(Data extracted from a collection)
────────────────
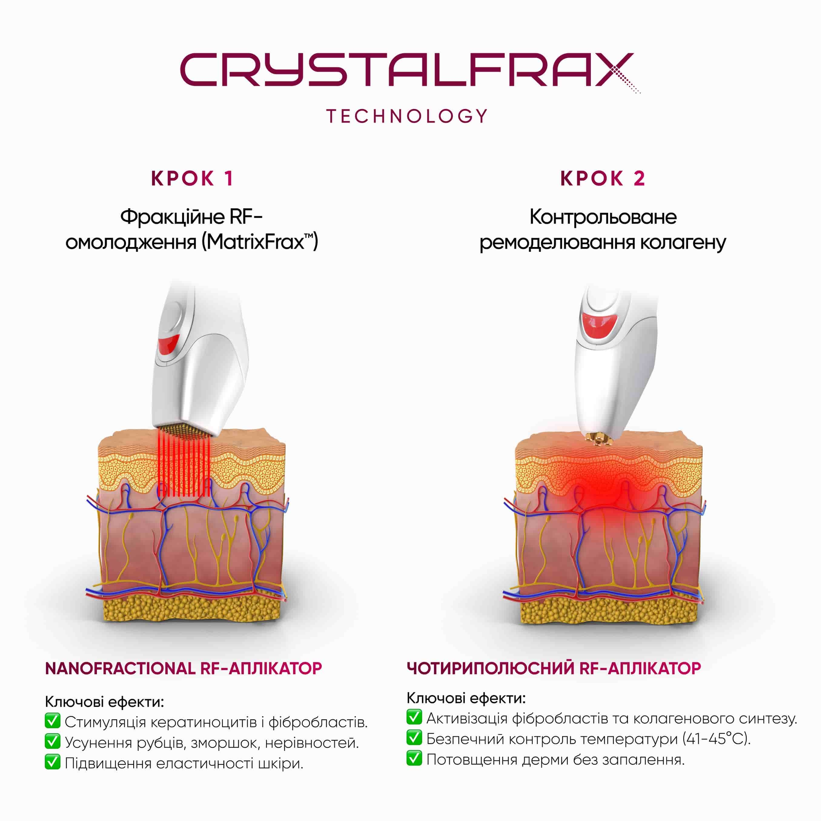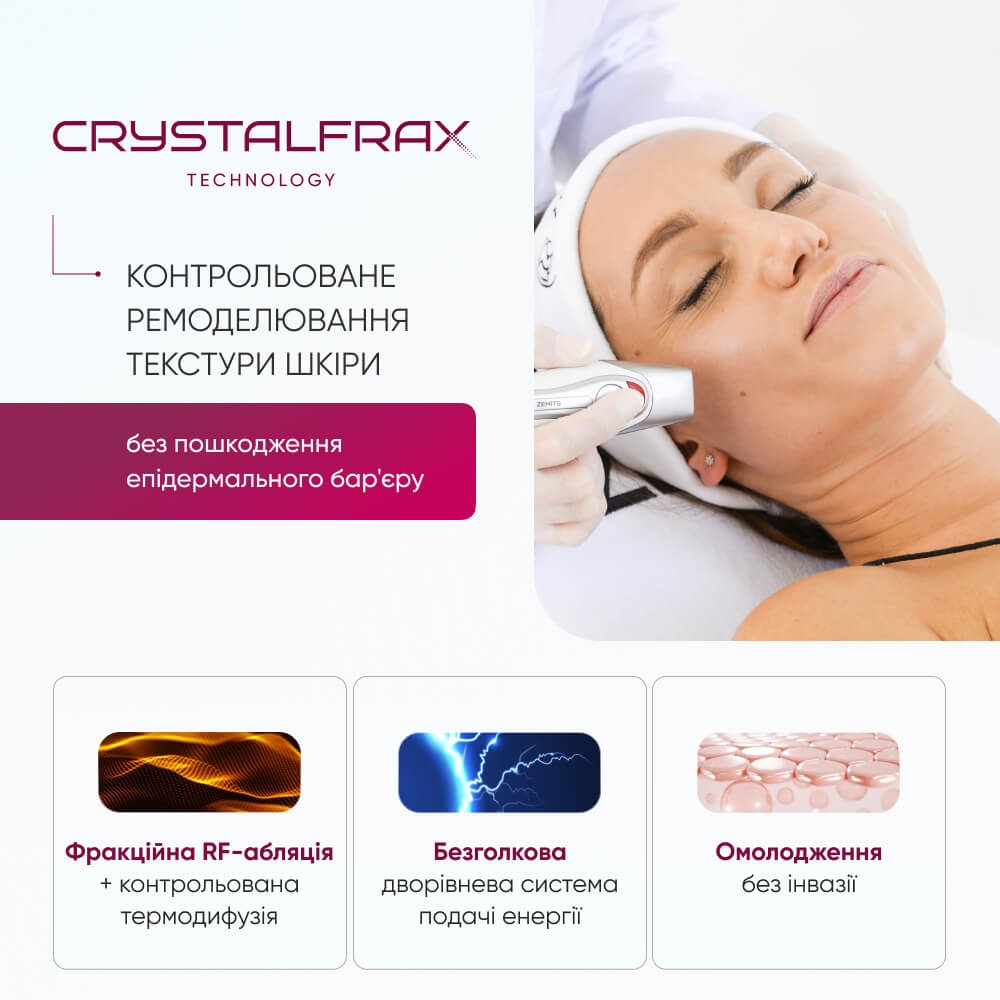 CrystalFrax працює на основі NanoFractional RF-енергії, яка подається в двох етапах, оптимізуючи процес омолодження шкіри та стимуляцію колагену при максимальному контролі температури для гарантованої ефективності та безпеки.
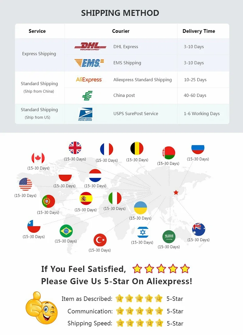 Please note that delivery times are estimates and may vary due to customs procedures, carrier delays, weather conditions, or other unforeseen circumstances.
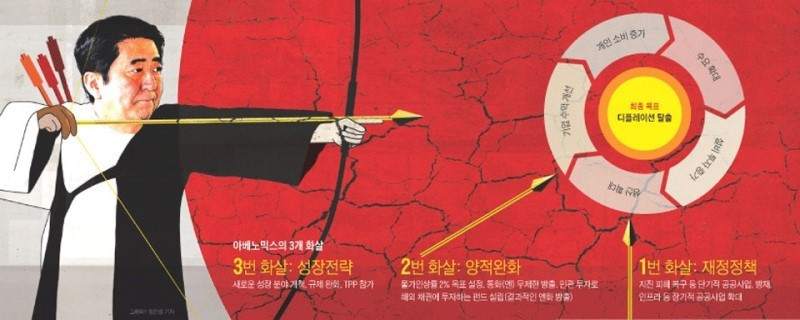 아베노믹스는 크게 3가지 화살이라고 불리는 정책적 전략을 바탕으로 하고 있습니다. 아베의 재집권 이후 실시한 1차 아베노믹스의 첫 번째 화살은 대담한 금융정책, 두 번째 화살은 적극적인 재정정책, 그리고 세 번째 화살은 민간투자를 유발하는 성장전략입니다.
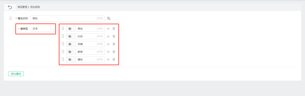A. A maximum of 5 product attributes can be added to each product, and a maximum of 20 attribute values can be added under each attribute. Product attributes can be dragged and adjusted arbitrarily, and the same attribute value cannot be added repeatedly. The property display can set three types of text, color and graphic. When selecting graphic as the display type, all attributes need to be accompanied by graphic.
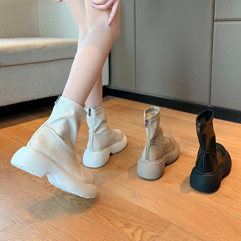 薄手ブーツオータムレッドホワイトショート 靴 シューズ 秋物 8/3 シューズ mi5571791998822
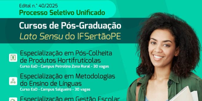 O Instituto Federal do Sertão Pernambucano (IFSertãoPE) lançou, nesta terça-feira (29) o edital n.º 40/2025, que trata do processo seletivo unificado para ingresso de estudantes em cursos de pós-graduação lato sensu oferecidos pela instituição. Ao todo, são 170 vagas disponíveis em diversos cursos de especialização gratuitos, com início previsto para o segundo semestre letivo deste ano. As inscrições para o processo seletivo estarão abertas no período de 6 de maio a 6 de junho de 2025.
────────────────
For this exercise, write out exactly the lines from the one with "아베노믹스는 크게 3가지" through the last line of the records, inclusive, and leave each picture out.

▶ Result below
 아베노믹스는 크게 3가지 화살이라고 불리는 정책적 전략을 바탕으로 하고 있습니다. 아베의 재집권 이후 실시한 1차 아베노믹스의 첫 번째 화살은 대담한 금융정책, 두 번째 화살은 적극적인 재정정책, 그리고 세 번째 화살은 민간투자를 유발하는 성장전략입니다.
A. A maximum of 5 product attributes can be added to each product, and a maximum of 20 attribute values can be added under each attribute. Product attributes can be dragged and adjusted arbitrarily, and the same attribute value cannot be added repeatedly. The property display can set three types of text, color and graphic. When selecting graphic as the display type, all attributes need to be accompanied by graphic.
 薄手ブーツオータムレッドホワイトショート 靴 シューズ 秋物 8/3 シューズ mi5571791998822
 O Instituto Federal do Sertão Pernambucano (IFSertãoPE) lançou, nesta terça-feira (29) o edital n.º 40/2025, que trata do processo seletivo unificado para ingresso de estudantes em cursos de pós-graduação lato sensu oferecidos pela instituição. Ao todo, são 170 vagas disponíveis em diversos cursos de especialização gratuitos, com início previsto para o segundo semestre letivo deste ano. As inscrições para o processo seletivo estarão abertas no período de 6 de maio a 6 de junho de 2025.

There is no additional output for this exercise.